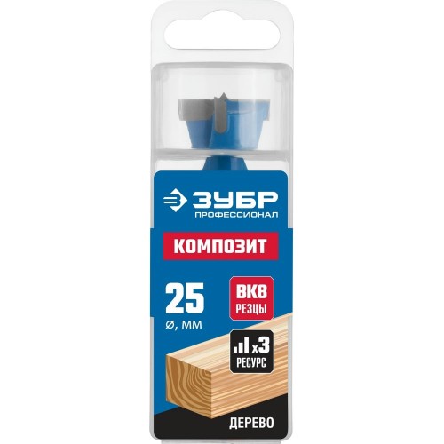 Сверло Форстнера по дереву ЗУБР 29945-25_z01, применяется при установке мебельной фурнитуры, а также при сверлении глухих отверстий с точной геометрией и плоским дном.
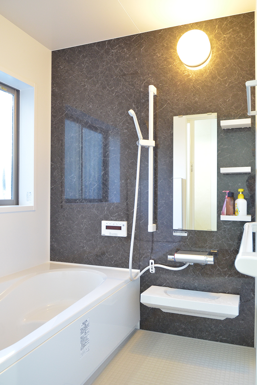 ご主人のご希望が浴室は「ホテル風」にしたいとのことでした。シックで落ち着いた柄、浴槽はブラックを選択。
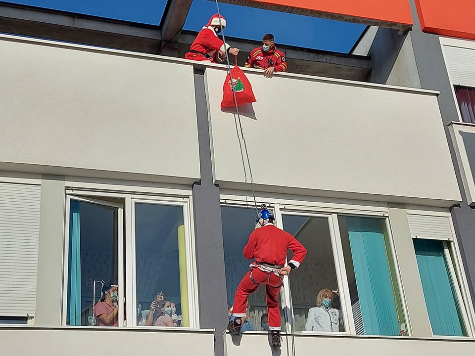 Šestogodišnji Faris upravo je izašao iz COVID odjeljenja Klinike za dječije bolesti UKC-a Tuzla. Zdrav odlazi kući, a uspio je upoznati i Djeda Mraza. Kaže da je sretan, jer je dobio paketić, a za novu godinu poželio je bilo koju igračku. Njega i njegove drugare i drugarice iz bolnice članovi Interventne službe spašavanja Živinice obradovali su silazeći niz zidove i kroz prozor im dodajući paketiće. Prethodni su tjedan svojim redovitim vježbama dodali i one na vanjskim zidovima Klinike za dječije bolesti Tuzla sa samo jednim ciljem – navući osmijeh na dječija lica.
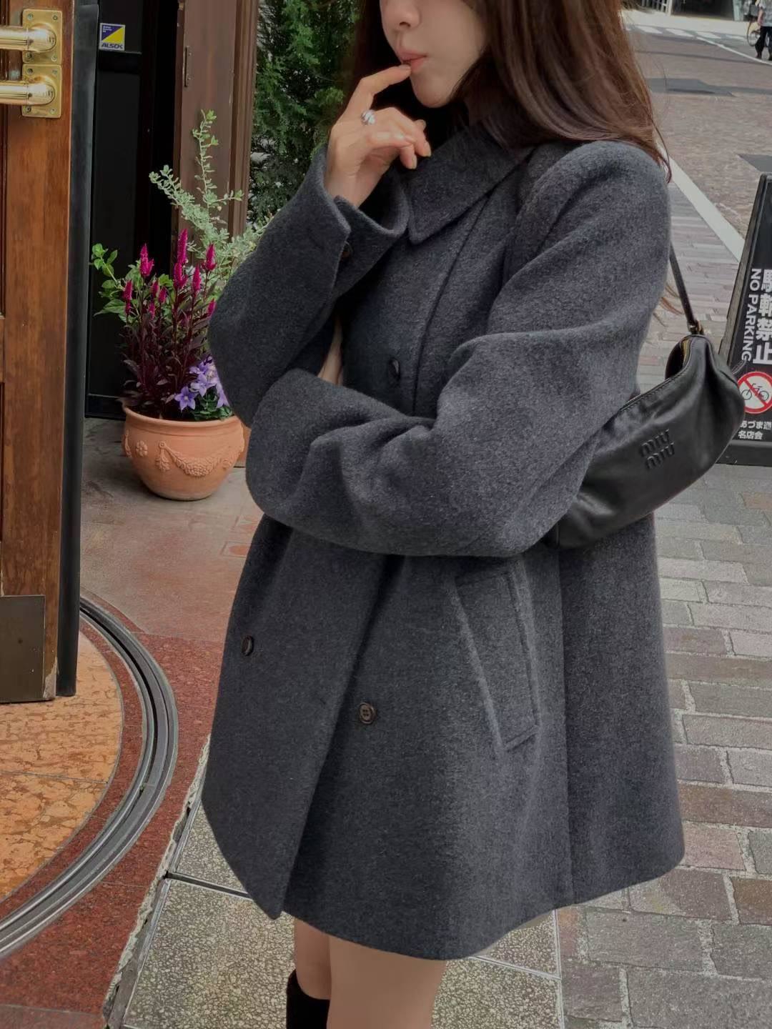 側拉鍊開衩西裝短褲裙(灰M現貨)
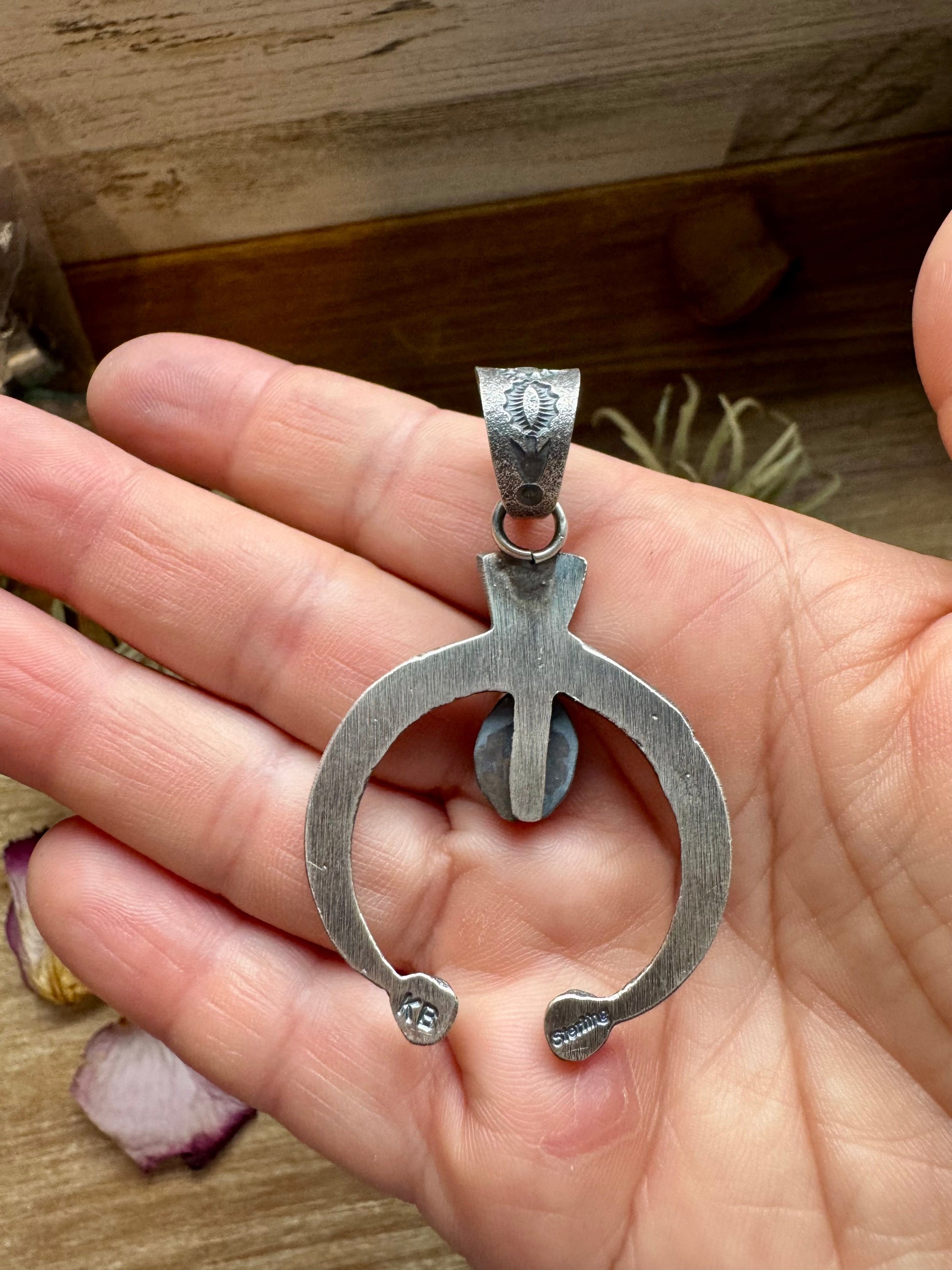 Handmade in the USA, this sterling silver Naja pendant features detailed silverwork with a genuine Golden Hill turquoise stone in a unique variation of soft blue with natural matrix. Stamped KB for authenticity, it’s a showcase of traditional Native silversmithing and artistry. The bail fits up to 8mm pearls, making it ideal for pairing with a sterling silver pearl strand or layering with other turquoise pieces.
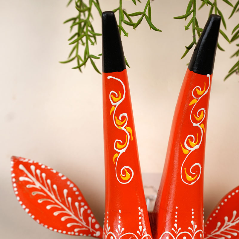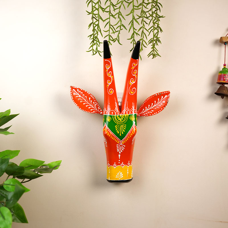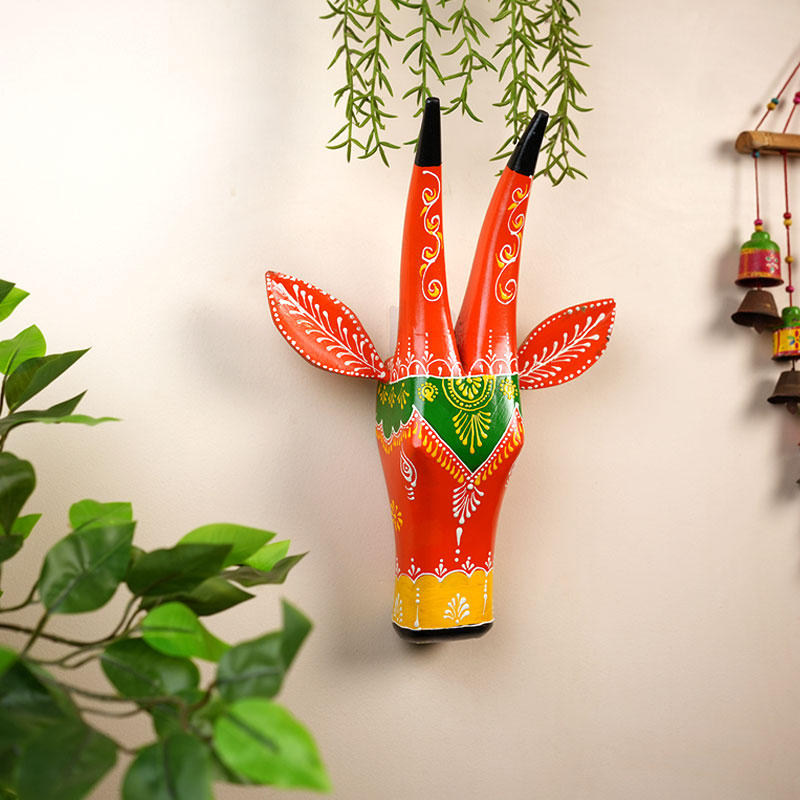 This vibrant hand painted cow head wall planter is a unique blend of art and functionality. Crafted in bright shades of red, green, and yellow with delicate folk art patterns, it adds a lively and decorative touch to any wall. The sculpted ears and antlers give it a charming character, while the planter space allows you to display trailing or small plants beautifully. Made by skilled artisans, it reflects traditional craftsmanship with a modern twist. Perfect for living rooms, balconies, or creative corners, it brings nature and art together in a striking way.
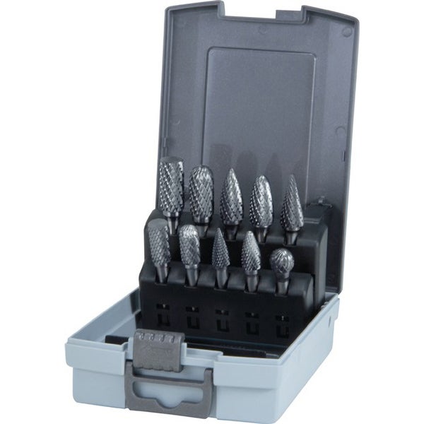 RUKO Hartmetall-Frässtifte-Satz Kreuzverzahnung HM 10tlg. Ø 10 / 12 mm in Kunststoffkassette - 116003RO
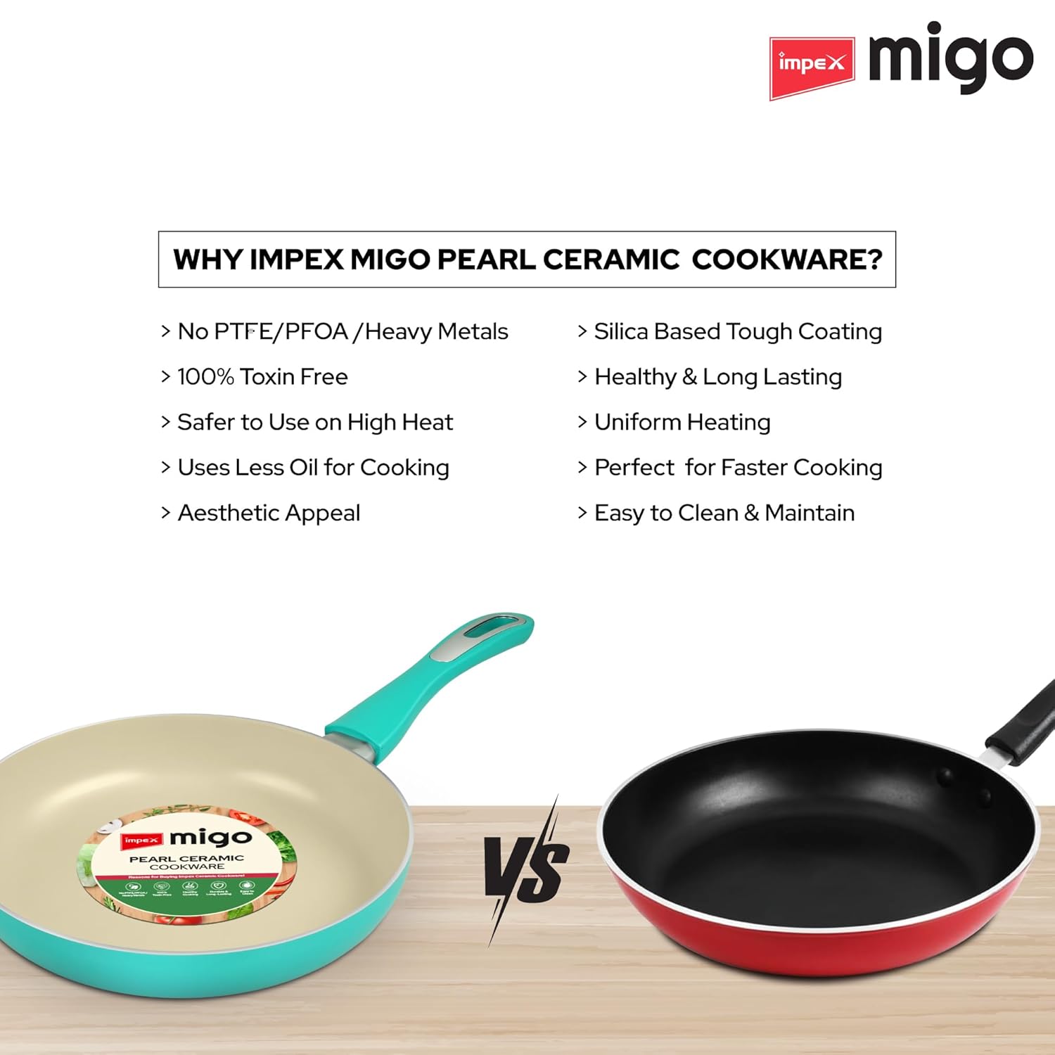 HEALTHY COOKING: Free from PTFE, PFOA and heavy metals, backed by 2-year warranty for lasting performance

--------------------------------------------------

A word-for-word copy is required of the lines above from the line with "側拉鍊開衩西裝短褲裙(灰M現貨)" through the last line of the data; no other lines and no pictures belong in it.

▶ **ANSWER TO THIS TASK**:
 側拉鍊開衩西裝短褲裙(灰M現貨)
 Handmade in the USA, this sterling silver Naja pendant features detailed silverwork with a genuine Golden Hill turquoise stone in a unique variation of soft blue with natural matrix. Stamped KB for authenticity, it’s a showcase of traditional Native silversmithing and artistry. The bail fits up to 8mm pearls, making it ideal for pairing with a sterling silver pearl strand or layering with other turquoise pieces.
 This vibrant hand painted cow head wall planter is a unique blend of art and functionality. Crafted in bright shades of red, green, and yellow with delicate folk art patterns, it adds a lively and decorative touch to any wall. The sculpted ears and antlers give it a charming character, while the planter space allows you to display trailing or small plants beautifully. Made by skilled artisans, it reflects traditional craftsmanship with a modern twist. Perfect for living rooms, balconies, or creative corners, it brings nature and art together in a striking way.
 RUKO Hartmetall-Frässtifte-Satz Kreuzverzahnung HM 10tlg. Ø 10 / 12 mm in Kunststoffkassette - 116003RO
 HEALTHY COOKING: Free from PTFE, PFOA and heavy metals, backed by 2-year warranty for lasting performance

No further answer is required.